Trees don't suck up carbon dioxide as hoped
Forests do not get a growth spurt from greenhouse gas.
Trees don't seem to grow any faster when given an exrtra dose of carbon dioxide, Swiss scientists have found. Their study could shatter the widespread belief that rising concentrations of carbon dioxide may be kept partly in check by blossoming plant growth.
Some researchers have suggested that as carbon dioxide levels rise, plants will thrive on the gas, which they use to photosynthesize; trees may be prompted to grow faster and grasses to spread, for example, which would help to suck up some of the excess carbon dioxide.
But a study of a large patch of deciduous forest near Basel in Switzerland, which has been artificially sprayed with excess carbon dioxide for years, has shown no such increase in growth.
"Some scientists and politicians cling to the idea that a carbon-dioxide-rich future might favour the greening of planet Earth. It's time to disillusion them," says Christian Krner, a plant ecologist at the University of Basel who led the study. "What remains is the greenhouse gas effect," he adds.
Simulating the future
The team artificially created sustained carbon-dioxide-rich conditions in the patch measuring 500 square metres by spraying pure carbon dioxide into the canopy of about a dozen mature deciduous trees. Each day during the six-month annual growth season, the scientists sprayed two tons of extra carbon dioxide, from industrial waste, into the canopy. This simulated an atmosphere loaded with about 530 ppm of carbon dioxide, roughly 1.5 times what exists today.
But after four years the researchers found no signs of enhanced biomass growth in stems or leaves, they report in Science1. The trees had merely pumped the extra carbon through their bodies, quickly re-releasing it through root and soil microbe respiration; there was no lasting effect on growth and photosynthesis.
To rule out confounding factors, the team determined the extent of natural variations in tree growth, with the help of the tree-ring record, during a two-year pre-treatment study. They were also careful to select a multi-species forest in the middle of its life that is widely undisturbed by human interference.
Given the limited duration and extent of the experiment, it is too early to say whether the results can be generalized, says Krner. The team was unable to include conifers in their study, for example.

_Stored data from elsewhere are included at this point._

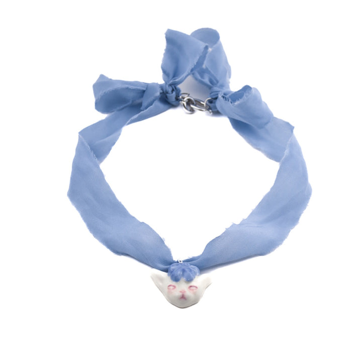 Angry Puss Blue Silk Necklace Purple Blue Bowtie
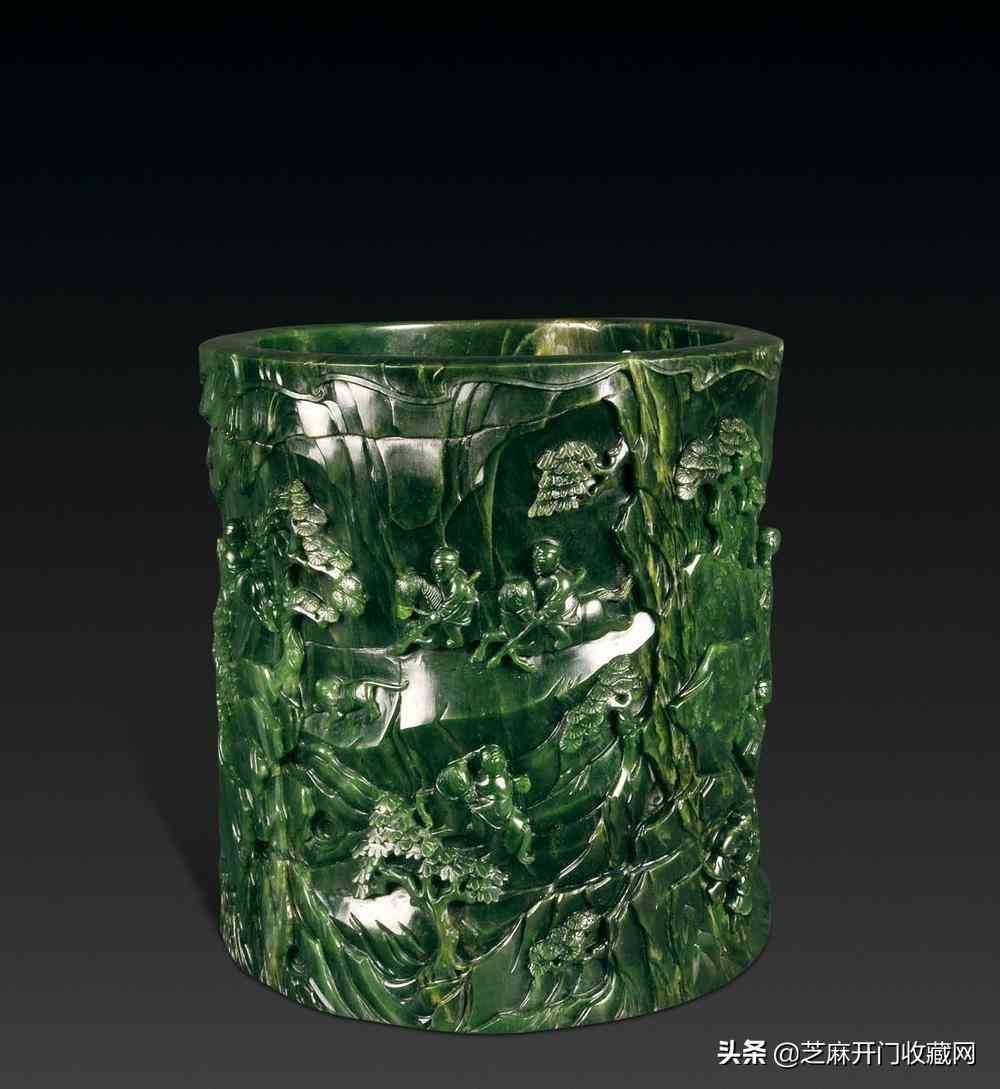 清乾隆碧玉山水狩獵圖筆筒,尺寸:高21厘米,估價(jià):RMB 1,200,000 ~ 1,800,000,成交價(jià): RMB 2,240,000
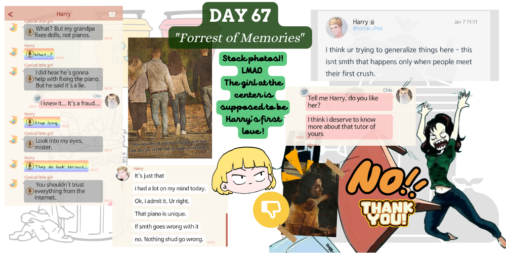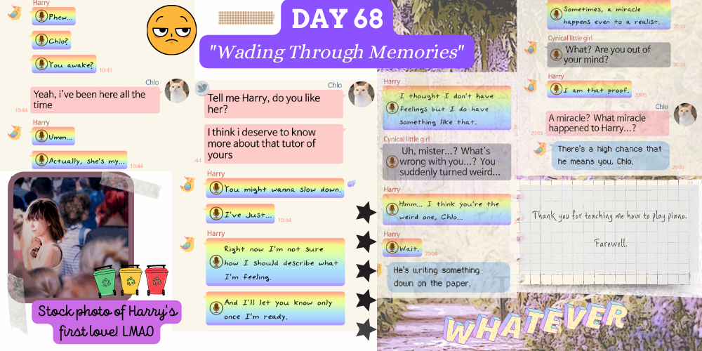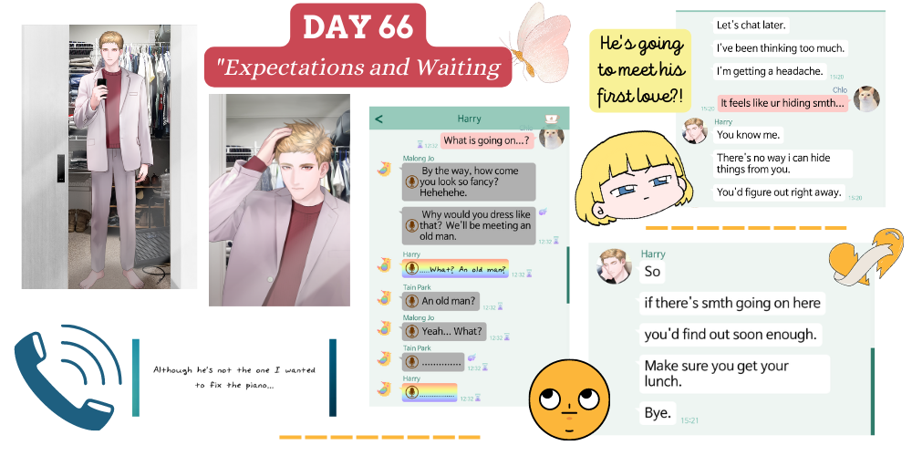 DAY 82: Harry wakes up from a nightmare. He says a fluffy furball came in and wrecked his place. Later in the day, he orders food, but since the elevator in his building is out of order, he needs to pick up the food delivery downstairs. He steps out and bumps into his neighbor (an old lady that doesn’t like Harry). The lady scowls at him with a bunch complaints starting from his garden upstairs, dripping water from his terrace, and how he cant segregate his trash properly. During nighttime, he tells you that his lunch was ruined because the food (which Piu Piu ordered for him) was greasy af and he couldn’t eat it, so he ends up tossing it in the trash bin. He also mentions that Piu Piu messed with his phone and ended up calling Teo by accident. Teo textes him as a result, asking him a couple of times why he called.
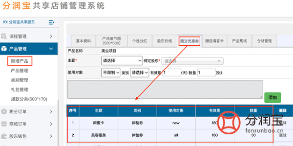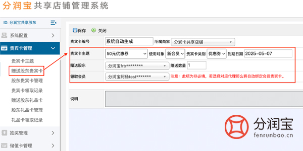 在贵宾卡管理中添加好贵宾卡主题之后,可以通过后台赠送股东贵宾卡,选择“贵宾卡主题”、“使用对象”(若选择新会员即只能新会员使用,若选择不限制即新老会员都能使用)、“优惠券类别”、“赠送股东”、“领取会员”,填写“赠送数量”、“说明”,保存。
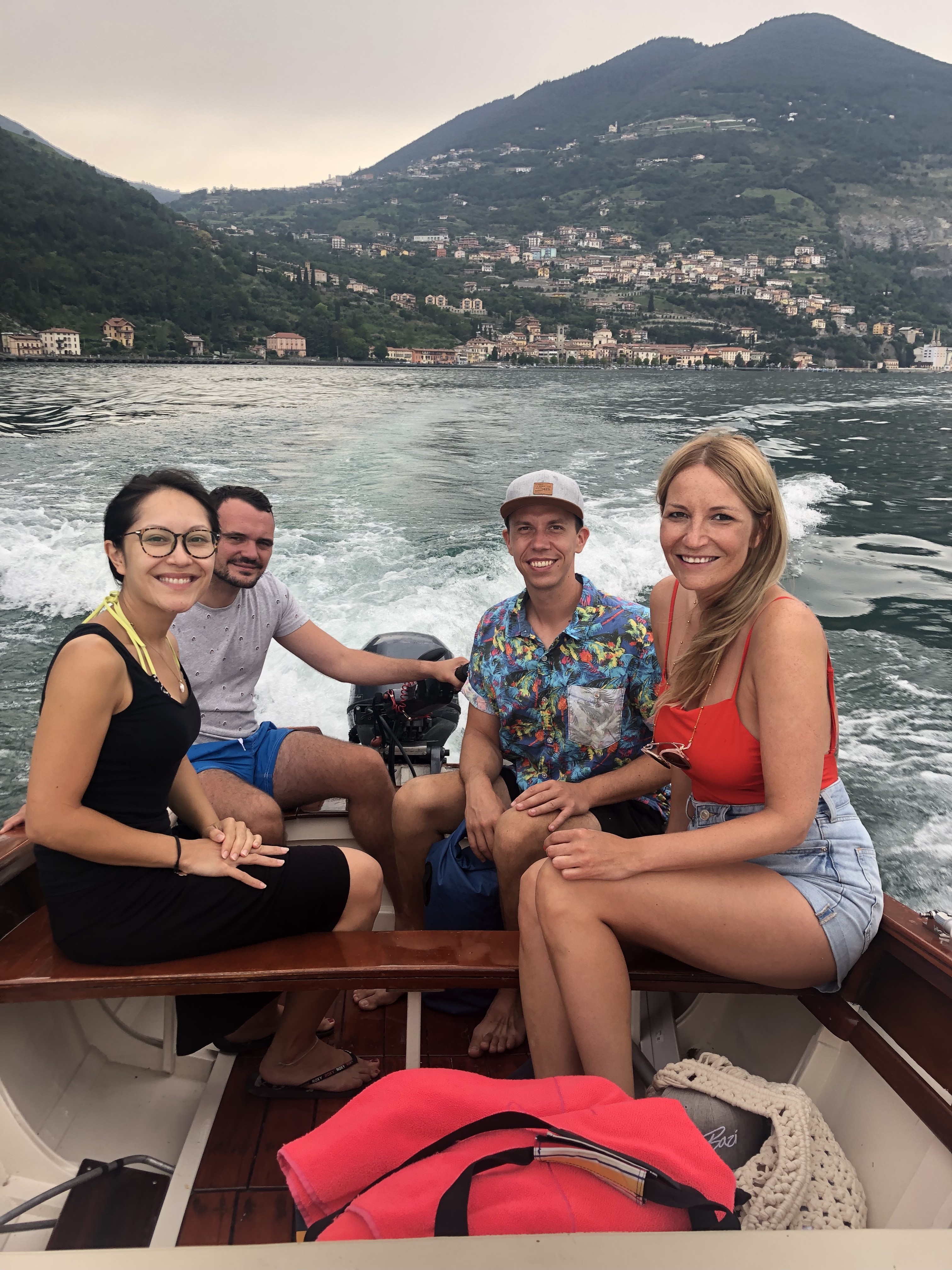 Story: Von Venedig an wollten wir uns langsam nach Osten kämpfen. Dann kam das Angebot von Freunden sie am Iseosee zu besuchen. Das sind mehr als 4 h Fahrt von Venedig, heißt in Summe 8 h Umweg. Wir haben lange hin und her überlegt, da es unlogisch wäre es zu tun. Letztlich haben wir uns dazu entschlossen zum Lago d’Iseo zu fahren, schließlich haben wir viel Zeit. Neben hauptsächlich quatschen, sind wir noch ein wenig Boot gefahren, haben am Pool gechillt und hatten den ein oder anderen Weinexzess. Zum einem war es schön gewohnte Gesichter zu sehen und zum anderen war der See mit seinem Bergpanorama einfach nur traumhaft. Wir hatten das Gefühl, dass hier nur Italiener Urlaub machen.

It also remains to be seen whether a fraction of all this extra carbon might be stored in the soil rather than in the trees. If so, there may still be cause to think that forests will suck up more carbon dioxide in a warming world.
Krner says his carbon-dioxide fertilization technique should be applied in three or four large experiments in different vegetation zones, from boreal forests to tropical rain forests, with an international board of scientists overseeing the studies. "This is the only way to settle the fundamental question of how changes in the air affect the bulk of the Earth's biomass," he says.
The results of some previous small-scale experiments have suggested that carbon-dioxide enrichment does stimulate plant growth. Yadvinder Mahli, for example, a plant ecologist at the University of Oxford, found a small biomass increase in the Amazon rain forest over the past 25 years (ref 2). How much of this can be attributed to increased carbon dioxide is unknown, however.
"The Swiss study is fantastic in terms of methodology and species mix," says Mahli. But it is too early to come to general conclusions, he says. "A similar experiment in tropical forests should definitely become a top priority."
- Krner C.Science, 309. 1360 - 1362 (2005).
- Malhi Y. . The Carbon Balance of Forest Biomes (eds Griffiths, H. & Jarvis, P.G.) (Taylor and Francis, Oxford).2005).